This dimension studies whether there is a tendency to form hubs in the network or not. It measures the average number of times nodes touch \({O}_{2}\) (9). All nodes touch \({O}_{2}\) except for leaf nodes and nodes that are only in \({G}_{2}\)(they are only vertices of triangles). The larger the number of connections of a node, the larger the value of \({O}_{2,i}\). Large values of \({\rho {^{\prime}}}_{4}\) therefore shows there is a tendency to make hubs in the network. Unlike \({\rho }_{3}\), the hub coefficient does not linearly correlate with node degree; \({O}_{2,i}\) is given by the binomial coefficient \(\left(\genfrac{}{}{0pt}{}{n}{2}\right)\) where \(n\) is the number of non-connected edges attached to node \(i\) when the \({O}_{0,i}\) is greater than 2. If two networks have similar values of \({\rho }_{1}\), but different values of \({\rho {^{\prime}}}_{4}\), there is a higher tendency to make hubs in one network than in the other.

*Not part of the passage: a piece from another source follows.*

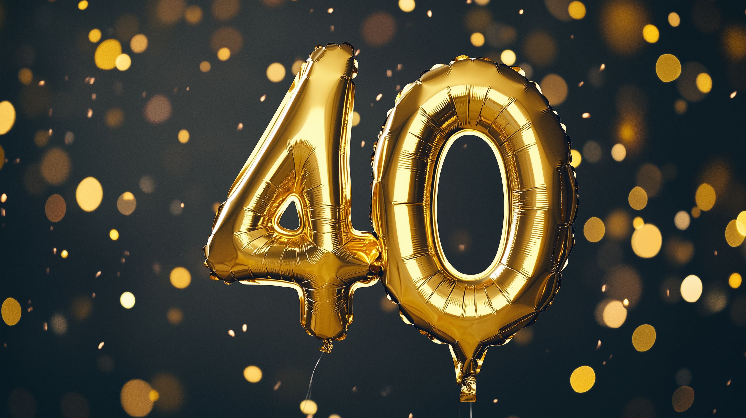 Dieses eindrucksvolle Foto zeigt zwei goldene, aufgeblasene Luftballons in der Form der Zahl 40 vor einem funkelnden, schwarzen Hintergrund. Die perfekt geformten Ballons erzeugen ein luxuriöses, feierliches Ambiente und vermitteln Freude, Stolz und Erfolg. Dieses Stockfoto eignet sich hervorragend für Geburtstagskarten, Werbematerialien, Social-Media-Posts und vieles mehr. Die hochauflösende Datei ist kostenlos und unter der Creative-Commons-Lizenz verfügbar.

$${\rho {^{\prime}}}_{4}= \frac{\sum_{i}{O}_{2,i}}{\sum_{i}{P}_{2,i}}$$
(9)

To range between 0 and 1, \({\rho {^{\prime}}}_{4}\) can scale with the maximum value of \({O}_{2,i}\) in the network (10). \({\rho }_{4}\) can be rewritten as (11).

$${\rho }_{4}=\frac{{\rho {^{\prime}}}_{4}}{\text{max}({O}_{2,i})}$$
(10)
$${\rho }_{4}= \frac{\sum_{i}{O}_{2,i}}{\sum_{i}{P}_{2,i}} \frac{1}{\text{max}({O}_{2})}$$
(11)

Hub-connectivity coefficient, \({{{\rho}}}_{5}\)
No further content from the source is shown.